Monday, October 24, 2005

Four random thoughts.

  1. The "Age of Reason"--it denotes the 17th and 18th centuries, characterized by anticlericism and dominance of libertine philosophies, and also the seventh year of a child, the age at which he just barely has the mental faculties to do wrong. Coincidence? I think not.

  2. Genesis 14:18-20--"And Melchizedek king of Salem brought out bread and wine; he was priest of God Most High. And he blessed him and said, 'Blessed be Abram by God Most High, maker of heaven and earth; and blessed be Go Most High, who has delivered your enemies into your hand!'"

    This could be used as a good scriptural apologetic against the notion that the Church has the option to use rice as the matter of the Eucharist. The preeminence of bread and wine in both the New and Old Testament--and in the hands of Melchizedek no less, whose 'order' the Catholic priest is said to join (as distinct from the order of Levi)--demands that continuity--that sign of unity, not only geographically but across eons.

  3. "What are we swimming in?" - the half-sleeping thought that popped into my head before this afternoon's 20 minute nap. The being that underlies all being, the real behind the surface. I conjured an image of all three-dimensional being as two dimensional, and this "sheet" of being as the canvas of God's creation, who gives certain of his paintings more texture, more three-dimensionality than others.

  4. I hate "praise and worship" and other forms of Christian rock--it's bad rock and it's bad Christianity. It's bad rock, smacking of sacharine Disneyland pop-Christian Jesus-Freak "nicety nice" vapid flatulence that ruins the adrenaline rush of good secular classic and metal rock; and it's often bad Christianity, reducing the Gospel to nerve stimulation and flights of middle-class starry-eyed ephemeral sentimental optimism--the perfect target for sin and death to crush into a puddle of bored and narrow-minded despair. When Christian rock is tacked onto the Mass as a "kid grabber," it's worse. Christian rock hijacks the holy sacrifice of the Mass and turns it into the vehicle for a worldly agenda, deifying the lesser good; it reduces beauty to taste, covenant to relevance, charity to infatuation, universal to particular, history to modernity, and ultimately, glorification to Pelagian praise ("we do it"), and salvation to experience.

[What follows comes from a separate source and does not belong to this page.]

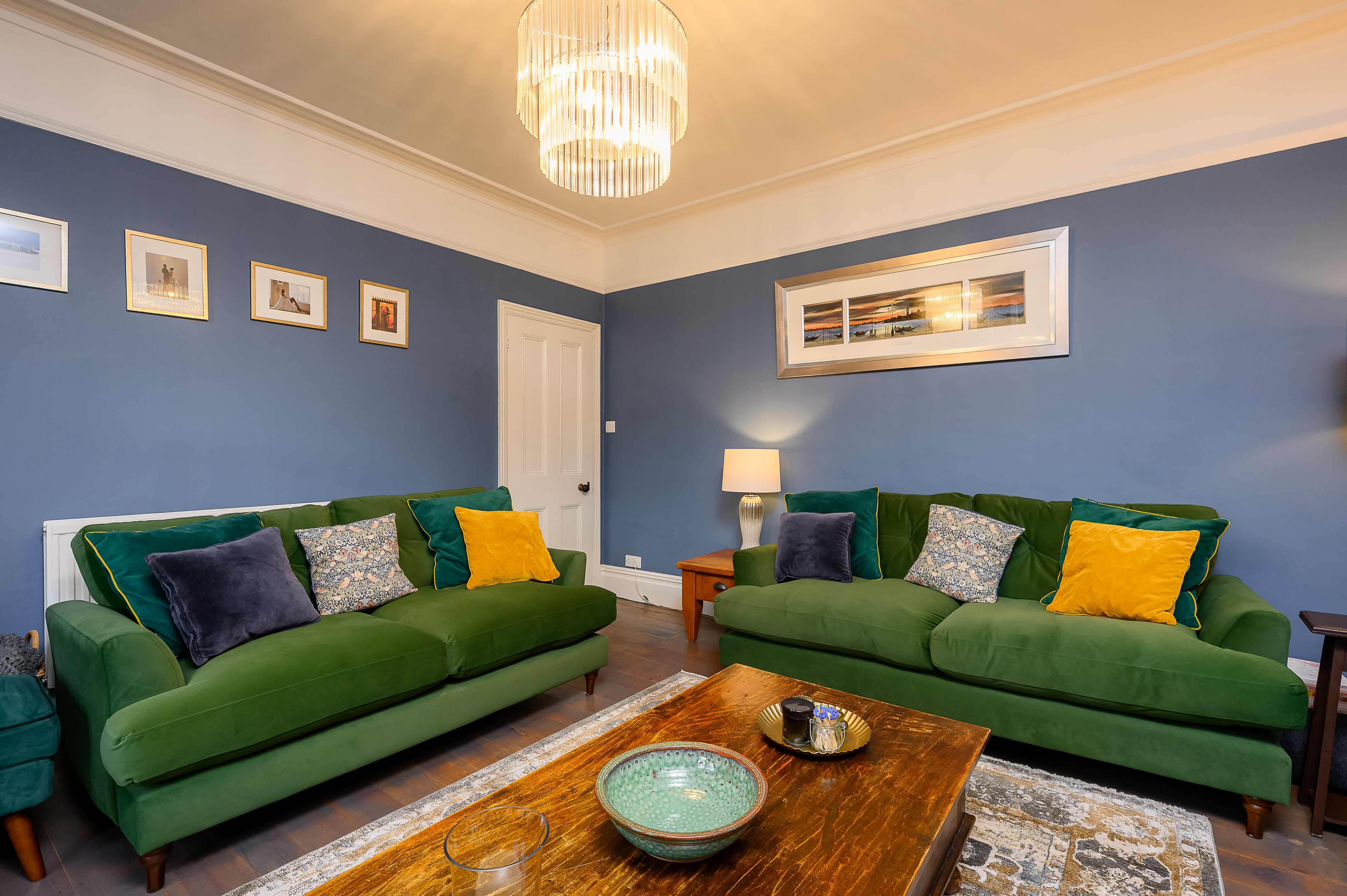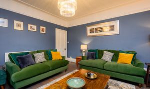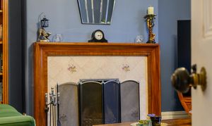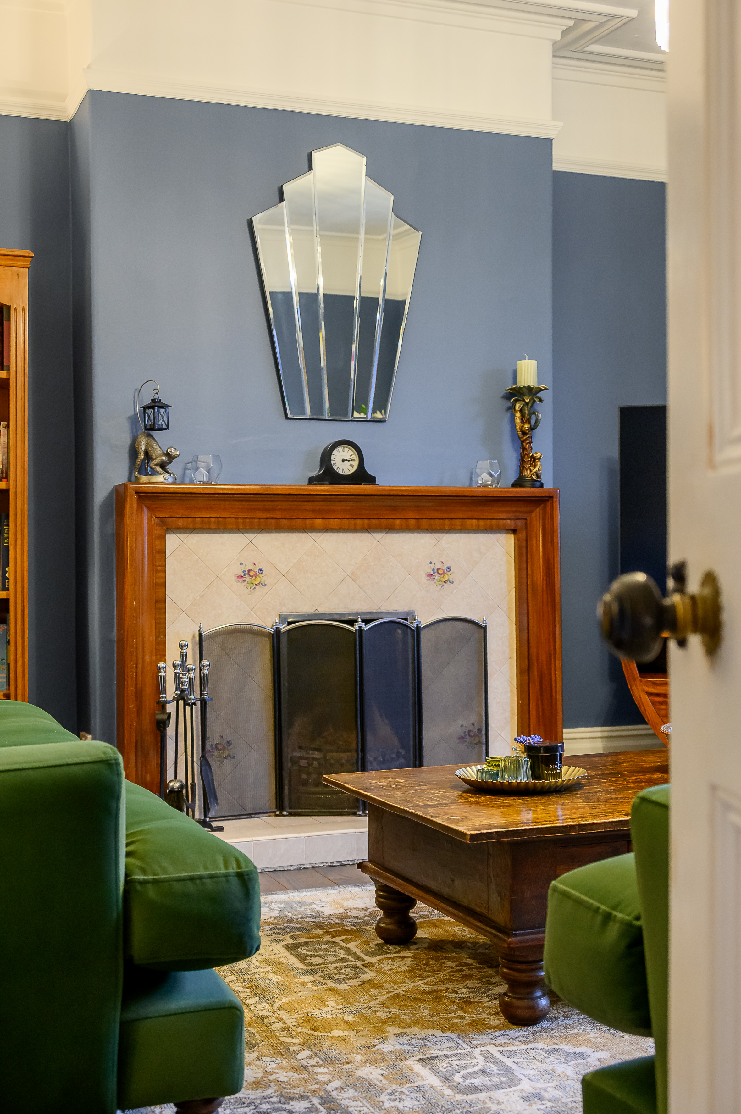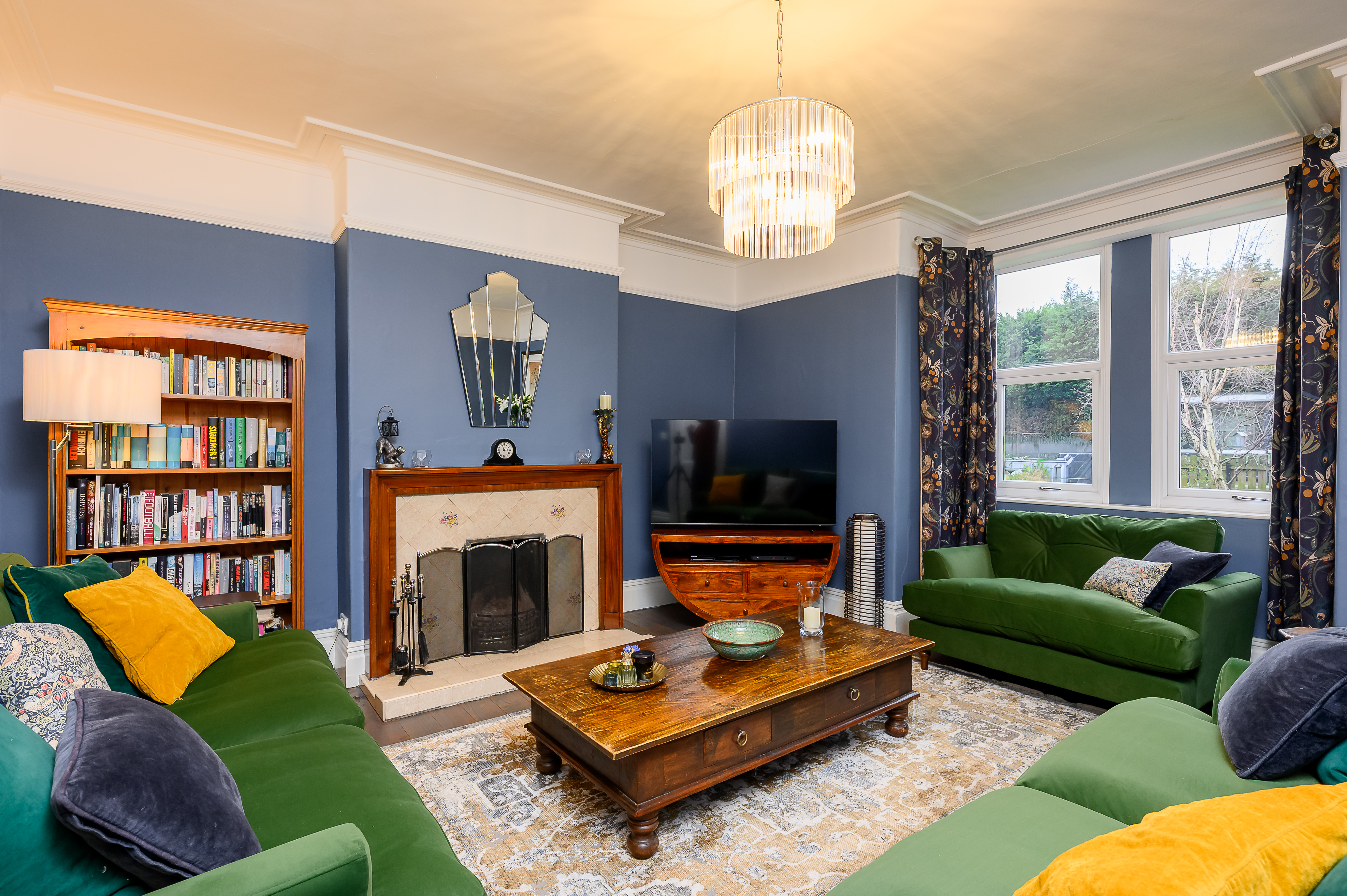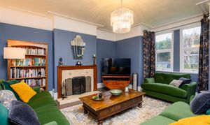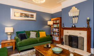 The front-facing lounge features a large box bay window overlooking the lawned frontage, flooding the room with natural light. Original floorboards, a feature open fireplace with tiled surround and wooden mantel, deep skirting boards, and high ceilings add to the room’s elegance. Finished in a rich Farrow & Ball colour-matched dark blue, this is a warm and inviting reception space, with plenty of room for freestanding furniture.

    A youth group should have two goals with respect to music, which have an analogy to the liturgical purposes of the Glorifying of God and the Sanctification of Man. First, teens should be exposed to, immersed in, and practicing well done, traditional, Catholic music--from multiple ages and cultures (from the most ancient accessible chants, to Byzantine, Gallic, to post Reformation, African, Latino, etc.)--and insodoing, they can see how a distinctive American worshipping music can be a development, and not a break from Catholic music past. Second, teens should be able to listen to all the contemporary stuff with the gift of discernment of spirits, to find where the paschal mystery hides in all of secular culture, in their favorite songs, and in the rest of pop culture; then they will have the freedom that comes from truth, and be able to enjoy secular entertainment in a way their friends couldn't even imagine

    The basic idea is that the Mass, the Source and Summit of Christian life, exports, rather than imports the Gospel that heals and perfects culture.

4 comments:

Fr. Thomas said...

I've never seen a good youth group, so my view is tainted, but you'll never get teens to listen or sing Byzantine and Gallic chant. However, I'd love to see you try and conduct that choir. Smells like teen Spirit?

Fr. Thomas said...

If you are a blob on a canvas, how would you ever know it? Or, like Hegel, can you ascend to the Absolute viewpoint and survey the history of Being? Good analogy, though, for getting people to think beyond their noses. Then we have to tell them that Being is not any thing, or some big being that somehow holds the other beings together. Because, we need to think other than being./shameful plug

Jeff said...

Yeah yeah. I don't think I'd turn the youth group into a schola; there I'd let things stay easy and just encourage the guys to think about the music they already listen to. But _would_ there be a teen schola? You bet your bearenstein bears.

Is true that the #3 thing conflates "being" with "space". That wasn't so much my intent, since I was grasping at the cooling embers of a pre-afternoon-nap mental explosion. I hate how those things slip away so doggon wuickly.

Fr. Thomas said...

We're communicating so well it's like we're in mcdonalds in the oude markt. So, you've got to come down here some time; see Aurelius and Denis again. I'm reading Rolheiser's book "The Holy Longing," which, apart from it's easy and loose style, and almost pandering to a wide audience, he has some good things to say about spirituality, albeit in simplified and popular language.